Особо поразил Райта балийский «танец одержимости». Самый неистовый и фантастический танец из всех, какие доводилось ему наблюдать, «танец криса» служил той же цели психологического очищения: «Мои друзья на Бали, хорошо знающие страну, говорили, что на острове очень мало душевнобольных и причина тому — эти танцы».
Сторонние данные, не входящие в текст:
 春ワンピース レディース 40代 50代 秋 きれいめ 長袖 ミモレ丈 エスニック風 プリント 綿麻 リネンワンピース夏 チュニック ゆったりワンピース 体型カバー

Интересно, что при этом на самого Райта «танец криса» оказал гнетущее впечатление. Он признался, что этот танец «может либо излечить, либо убить неврастеника или просто психически неуравновешенного человека». Такое впечатление стороннего наблюдателя от экстатической пляски передают и античные авторы. Достаточно напомнить об эффекте, произведенном шествием неистовых служительниц Диониса на пастухов в трагедии Еврипида «Вакханки». Или о подобном же воздействии на непосвященного человека корибантской пляски, о котором пишет Фаддей Зелинский: «Не обрадуется тот, кого в безлюдии встретит Царица гор со своею шумною свитою корибантов: не скоро вернется к нему его спугнутый их внезапным появлением разум».
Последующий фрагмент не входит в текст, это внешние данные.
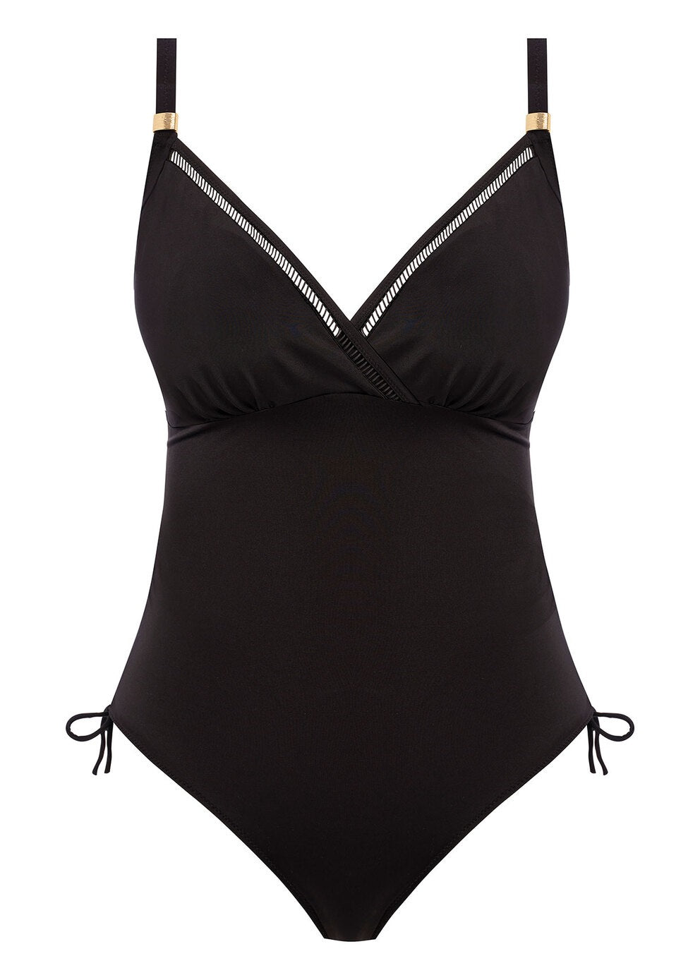 - Adjustable tie sides offer ruching effect to flatter tummy area and variation of body length

Но не только сторонний человек подвергался опасности рядом с неистовыми служителями Матери богов или Диониса. Сами участники экстатических шествий нередко становились жертвами «буйства духов». Разрушительный характер вакханалий прекрасно описан Еврипидом в упомянутой драме. Архаические мифы о несчастном человеке, которым завладевало сверхъестественное существо во время «танца одержимости» и тем самым делало его орудием для всевозможных злодеяний, присутствуют в традиционных культурах самых разных народов мира.
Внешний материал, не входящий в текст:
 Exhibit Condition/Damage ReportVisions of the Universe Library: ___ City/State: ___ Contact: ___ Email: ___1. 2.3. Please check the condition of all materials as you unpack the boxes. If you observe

Далеко не каждый человек мог испытать экстатический катарсис, для кого-то ритуальное сверхвозбуждение становилось катализатором для разжигания негативных аффектов, разрушавших личность. Греки с их вниманием к душевным переживаниям вполне отдавали себе отчет в опасности экстатических состояний. Стремясь контролировать сильные эмоции, они со временем предпочли дионисийскому экстазу аполлонический катарсис.

В «Эвменидах» Эсхила именно Аполлон представлен как главный очиститель Эллады: «Здесь домовладыка многомощный — Локсий сам. // Вещун-целитель, темных отвратитель чар, // Он и чужие очаги от скверн блюдет». Его катарсис достигался не через экстаз и взрыв аффектов, но посредством различного рода искусств (музыки, поэзии, врачевания, философского диалога, медитации), приводивших к душевной гармонии. Ибо Феб, подчеркивал Плутарх в трактате «О «Е» в Дельфах», отождествлялся «с гармонией, порядком и полной серьезностью», тогда как Дионис — «с какой-то неустойчивостью, состоящей из шутки, заносчивости и безумия». Согласно XXXIV Орфическому гимну, Аполлон своей кифарой настраивает вселенскую ось и саму жизнь на земле, «гармонию влив во вселенскую участь».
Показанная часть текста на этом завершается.